Equitable distribution of financial assets often is a big part of any divorce case. Social Security benefits are financial assets that often go overlooked, and that could cause financial strain during retirement years. New Jersey divorce law enables a spouse to obtain a portion of their ex’s Social Security benefits to offset many years of support at home.
About 21% of married couples in New Jersey and throughout the country get 90% of their retirement income from Social Security benefits. About half of the nation’s unmarried elderly population likewise get the vast majority of retirement income from Social Security benefits. That makes it critically important for people who were married for many years to ensure a fair distribution of Social Security benefits in order to obtain a properly funded retirement.
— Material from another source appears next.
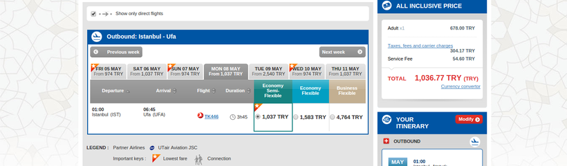 Билет в эконом-класс стоит 1037 турецких лир в один конец (это 267 евро по курсу).

If a marriage lasts at least 10 years and only one spouse earned the majority of household income, the non-working spouse could qualify for a portion of Social Security benefits. That is because spousal support inside the home enables spousal income outside of the home. If the spouse who worked marries again, the divorced spouse still earns a portion of the Social Security benefits. A spouse who did not work and remarries does not retain any valid claim on the former spouse’s Social Security benefits. The longer the marriage lasted beyond 10 years, the more the former spouse can earn, up to half of the available benefit.
Whether a person is the spouse who worked to earn the Social Security benefits or the spouse who provided support at home, it’s important to be aware of these benefits during the divorce settlement. An experienced New Jersey family law attorney may work to help ensure a fair distribution.